French Hot Pot Pasta: "Pot au Feu" Penne
French Hot Pot Pasta: "Pot au Feu" Penne
Ingredients:
- 1 pound penne pasta
- 2 tablespoons unsalted butter
- 1 onion, diced
- 3 cloves garlic, minced
- 1 cup dry white wine (such as Sauvignon Blanc)
- 1 cup chicken broth
- 1/2 cup heavy cream
- 1 teaspoon dried thyme
- 1/2 teaspoon paprika
- Salt and pepper, to taste
- 1 cup grated Gruyère cheese (optional)
- Fresh parsley, chopped (optional)
Instructions:
1. Cook the penne pasta:
Bring a large pot of salted water to a boil. Cook the penne pasta according to package instructions until al dente. Reserve 1 cup of pasta water before draining.
2. Sauté the onion and garlic:
In a large skillet, melt the butter over medium heat. Add the diced onion and cook until translucent, about 5 minutes. Add the minced garlic and cook for an additional minute.

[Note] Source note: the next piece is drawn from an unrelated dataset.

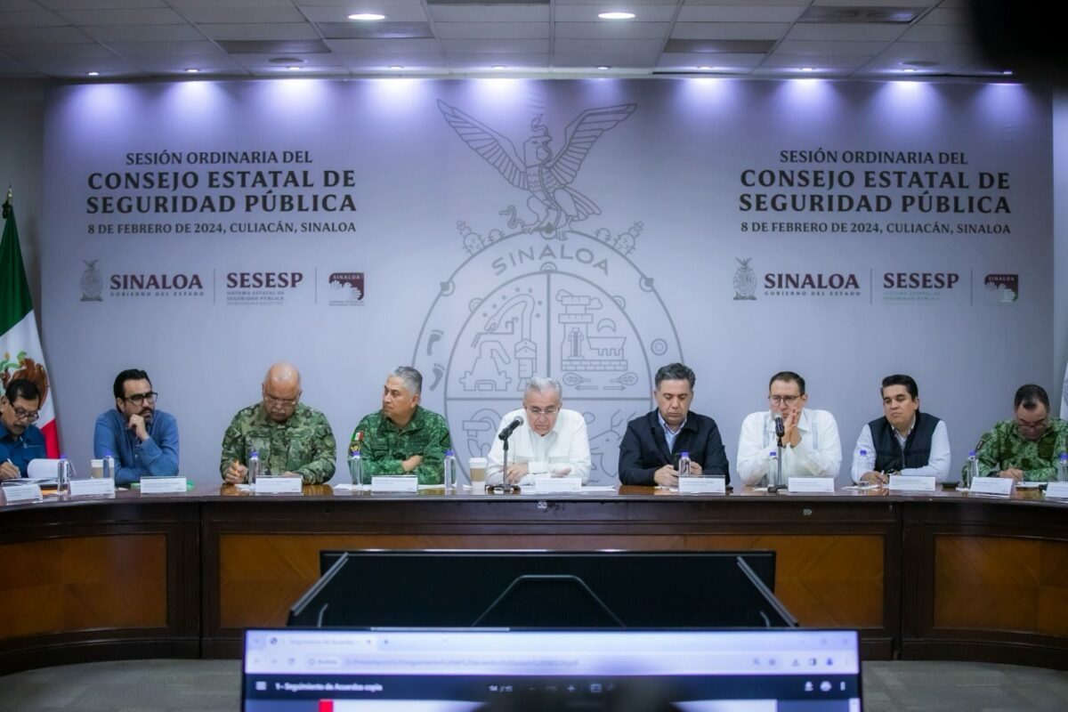 Culiacán, Sinaloa, 08 de febrero del 2024.- Al presidir la sesión ordinaria del Consejo Estatal de Seguridad Pública, el gobernador Rubén Rocha Moya informó que su administración está en condiciones de incrementar al doble el número de policías estatales para reforzar la seguridad, pues afirmó que el gobierno no debe declararse en quiebra para hacer frente al tema de la seguridad pública.

3. Add the wine and broth:
Pour in the white wine and chicken broth, scraping up any browned bits from the bottom of the skillet. Bring the mixture to a simmer and cook until reduced by half, about 5 minutes.,
4. Stir in the cream and spices:
5. Combine the pasta and sauce:
Add the cooked penne pasta to the skillet, tossing to coat with the creamy sauce. If the sauce seems too thick, add a bit of the reserved pasta water.
6. Serve with Gruyère and parsley:
Transfer the pasta to a serving dish or individual bowls. Top with grated Gruyère cheese and chopped parsley, if desired.